As the paper rightly points out, the data are auto-correlated at a time-lag of one but seems unaware of why that might be or its consequences. Auto-correlation of time series data is so common as to be almost guaranteed. The null hypothesis of most time series data is a random walk: Yk-1 = Yk + NORMAL(0, σ). We assume that the next data point is related to the previous one, and that it is the rate of change which is normally distributed, not the data or errors. For this reason, time series data are usually transformed to destroy this auto-correlation: Ŷk = Yk - Yk-1 (≈ the first derivative). This paper does not do that, and falls victim to a common trap detailed more extensively by Fawcett (2015) and Jones (2015). Two time series will almost always show a correlation because they share a common cause that needs controlled: time. As I showed above, when we control for the correlation caused by time by comparing the directions of change rather than value of prediction, the model performed worse than a random walk. Just to drive this point home, I have provided an R script at User:Wugapodes/Correlations between time series that will allow anyone to visualize the increased error rate of uncontrolled time series correlations using data I estimated from figure 1.
I understand this work is a draft, and I look forward to further improvements.
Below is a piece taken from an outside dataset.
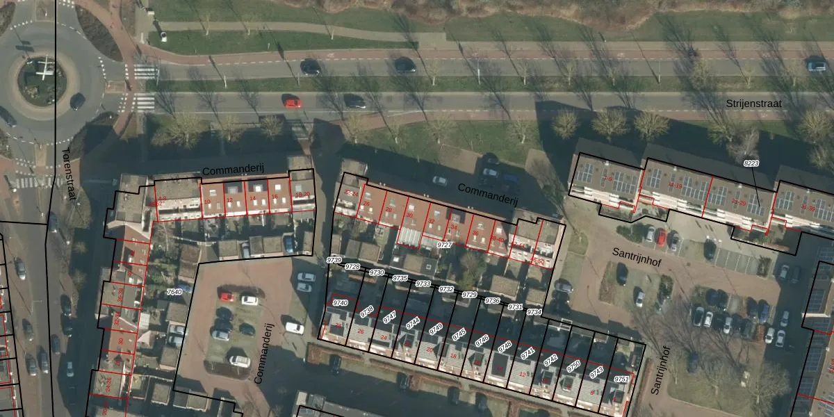 Het perceel waarop Commanderij 30 staat heeft een oppervlakte van 1034 m². Dit is een zeer groot perceel. De perceeloppervlakte wordt geregistreerd door het Kadaster. Gedetailleerde informatie over de maten van dit perceel kunt u vinden in het rapport Kadastrale kaart met maatvoering van Commanderij 30.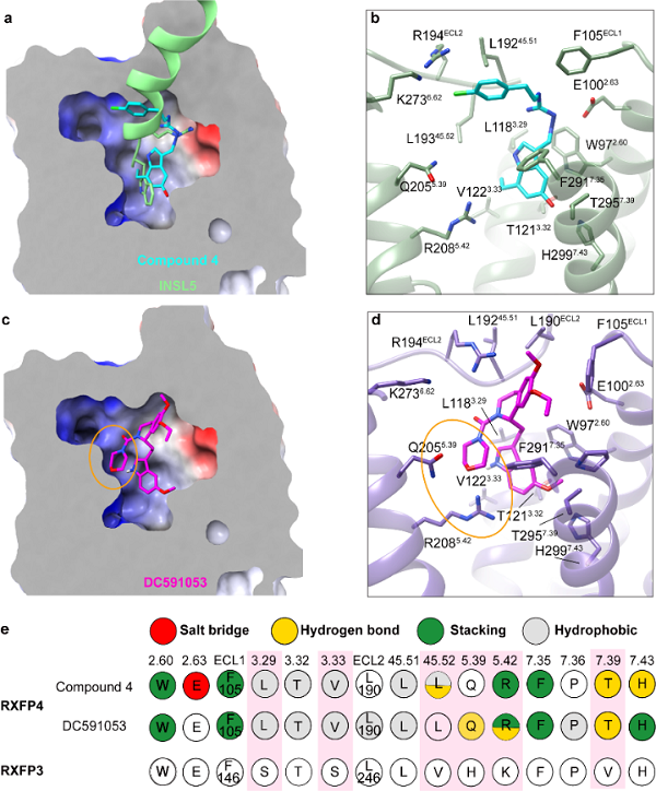 图3. 小分子激动剂的拟肽作用及和DC591053选择性激活RXFP4的分子机制。a,Compound 4的结合口袋截面图;b,Compound 4与RXFP4的相互作用;c,DC591053特异性激活RXFP4;d,DC591053结合口袋截面图;e,小分子激动剂与受体相互作用模式示意。

I do not provide the above review not to dismiss the author or their findings, and I hope it is clear that I would not take the time to be this thorough if I did not value the author's contribution. The role of IP editing is an important issue for wikis and one of personal interest to me, so I am passionate that our research on the subject is rigorous and sound. I appreciate the author's contributions and learned a great deal reading it. Despite my criticism of the Prophet model's implementation, I believe it holds promise for evaluating editing behavior and look forward to using it myself. To that end, I would appreciate the author making their code available or at least providing a more comprehensive methods section. I look forward to further developments and am willing to expand on anything that isn't clear, just let me know.